--- Work order ---
Which lines in the records below hold the word "performance"? Copy each of them.

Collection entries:
==============================

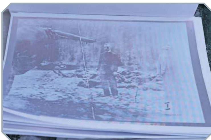
Realizatorzy filmu zapoznają się z aktami prokuratorskimi i przesłuchaniami świadków wydarzeń w Tucholi i Rudzkim Moście z początku II wojny światowej. Między innymi na ich podstawie tworzą scenariusz filmu.
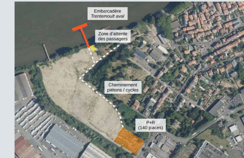
Schéma d'implantation du Pôle intermodal Trentemoult-Aval

Le projet envisagé fait suite à une étude de faisabilité sur l'aménagement de « Trentemoult-Aval » engagée dès 2020 par Nantes Métropole, en lien avec les différents acteurs du fleuve et la Ville de Rezé.
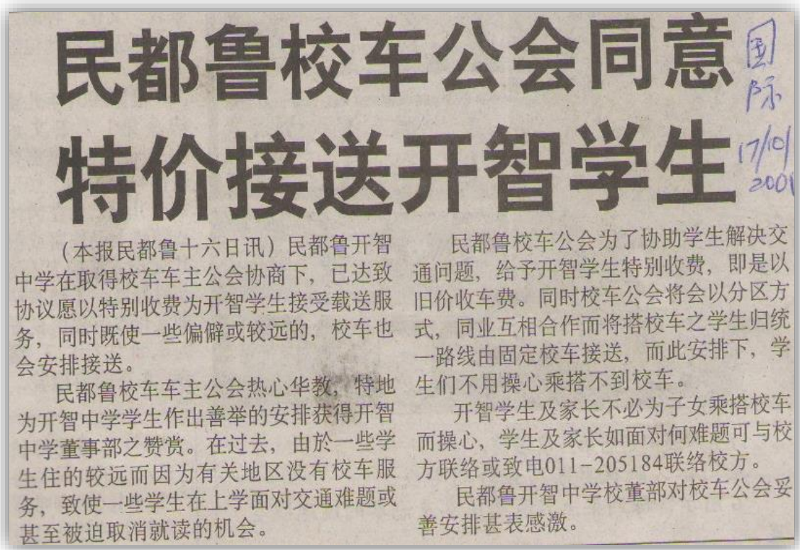
图 33：民都鲁校车公会同意特价接送开智学生报导
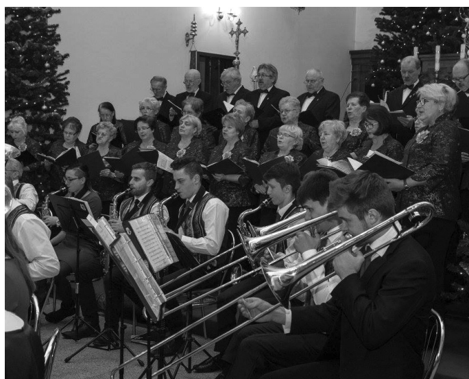
Dla zebranych parafian wystąpił chór Hejnał, Non Nomine i orkiestra dęta.

W okresie Bożego Narodzenia, a szczególnie w wieczór wigilijny, radują serca Polaków, pogłębiają więź rodzinną i narodową. Gdy wielu naszych przodków z powodów politycznych lub biedy
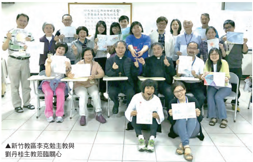
▲新竹教區李克勉主教與劉丹桂主教蒞臨關心
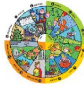
LETO IMA ŠTIRI LETNE ČASE.
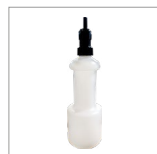
K2 Bottiglia antigoccia
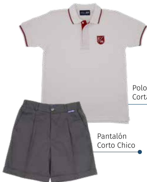
Polo manga Corta Unisex
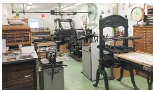
Bild från tryckerimuseet.
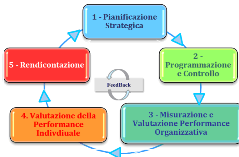
Fig.1 – Ciclo della performance

Assume, quindi, una fondamentale importanza il nesso tra la strategia di Ateneo e il ciclo della performance: il rapporto tra strategia e performance si esplica come collegamento tra la prospettiva politica di sviluppo dell'Ateneo, esplicitata nel piano strategico, e le azioni gestionali da implementare per la realizzazione dei risultati attesi, contenute nel piano integrato.
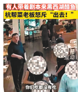
有人带着本来黑西湖醋鱼 杭帮菜老板怒斥“出去!”

近来,在多个短视频平台上,调侃西湖醋鱼正成为某种流量密码。在某短视频平台上搜索“西湖醋鱼”,前三的点赞量均超过45万,标题大致为“粉丝推荐去吃西湖醋鱼,感觉被骗了”。此外,类似“一条鱼被做成西湖醋鱼,那条鱼就白死了”等玩梗也是层出不穷。

==============================

--- Completed exercise ---
Fig.1 – Ciclo della performance
Assume, quindi, una fondamentale importanza il nesso tra la strategia di Ateneo e il ciclo della performance: il rapporto tra strategia e performance si esplica come collegamento tra la prospettiva politica di sviluppo dell'Ateneo, esplicitata nel piano strategico, e le azioni gestionali da implementare per la realizzazione dei risultati attesi, contenute nel piano integrato.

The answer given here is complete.